Leyenda de los Juancaballos.

Posted by Publicado por Administrador On lunes, mayo 19, 2014

Cuentan que en Sierra Mágina viven unas extrañas criaturas, mitad hombre y mitad caballo, muy difíciles de ver y de las que se sabe muy poco. Se tiene noticia de ellas desde hace muchos siglos y se las conoce con el nombre de Juancaballos. Normalmente se ocultan durante el día en secretas grutas y cavernas de estos cerros que utilizan como guaridas, abandonándolas solo tras el crepúsculo, pues parece ser que tienen una vida nocturna y se amparan en las sombras y tinieblas a la hora de procurarse el sustento. Se desconoce el motivo por que manifiestan tanta aversión al trato con humanos, pero es cierto el recelo generalizado, ya sea congénito o aprendido por nuestra especie. Esta es la razón por la que son tan infrecuentes los enfrentamientos entre estas bestias y los hombres, pero cuando por desgracia ocurren, son muy pocos los que sobreviven, pues su ferocidad, fuerza, astucia y crueldad las hacen invencibles. Pero esto no es todo ya que cuando la necesidad se acentúa, ya sea por largas sequías, fuertes nevadas o cualquier otro desastre de este tipo, esas características se incrementan en gran medida ya que el hambre hace que pierdan el miedo por los hombres y los tornan más astutos y desalmados de lo que ya son de por sí.

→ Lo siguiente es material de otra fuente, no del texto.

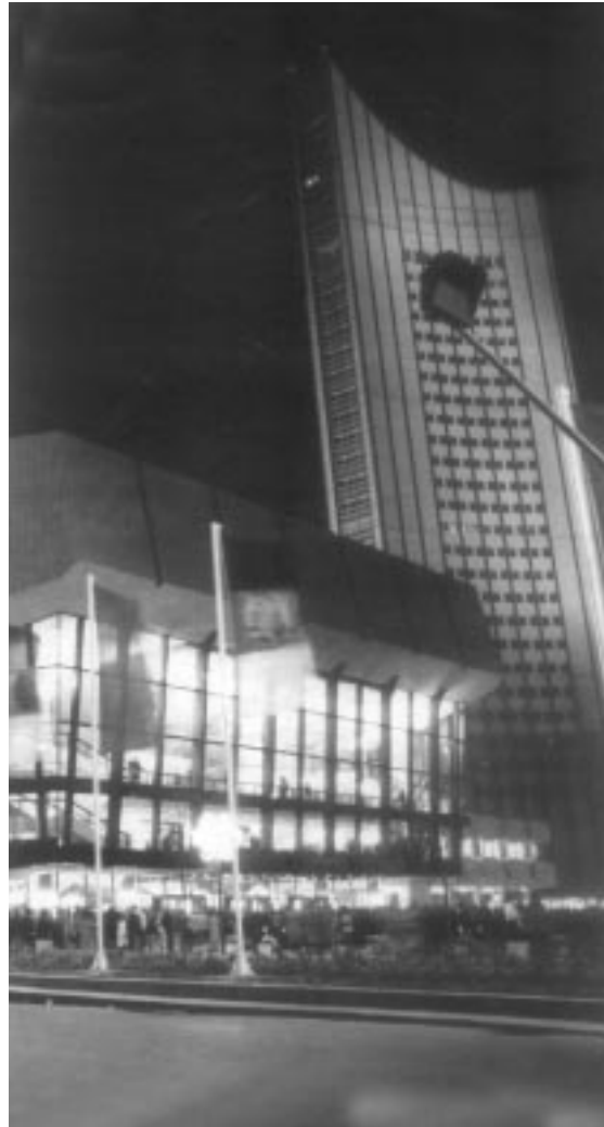
دو شىوہ تەلارسازى رۆژئاواى - ئەورپا
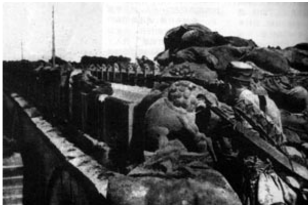
29军战士守卫在卢沟桥

Durante estos períodos de penuria, los Juancaballos bajan de las altas cumbres para alimentarse en las huertas de los ríos próximos, causando en ellas grandes destrozos, porque con sus cascos equinos patean los vergeles asolando verduras, hortalizas, árboles frutales y todo lo que encuentran a su paso. Pero esto no es lo más grave que pueden provocar, porque la inanición, en ciertas ocasiones, puede incitarles a comer carne humana, siendo muchos los campesinos mutilados o asesinados por este motivo. Los supervivientes nunca han podido superar el trauma que esto les supuso. Son de destacar las incursiones de estos desalmados seres a las riberas del Guadalquivir, pues eran una de sus zonas preferidas para perpetrar sus fechorías. Hubo un tiempo en que llegaron a ser tan frecuentes y tanto el terror que despertaron en la vecina ciudad de Úbeda, que aprovechando que se estaba construyendo una de sus más bellas iglesias, la del Salvador, fueron esculpidos en su fachada principal, junto a las estatuas de los santos y bajo el relieve de la Transfiguración de Jesús. Este hecho, junto con los testimonios de los supervivientes a sus ataques, constituye una prueba irrefutable de su existencia.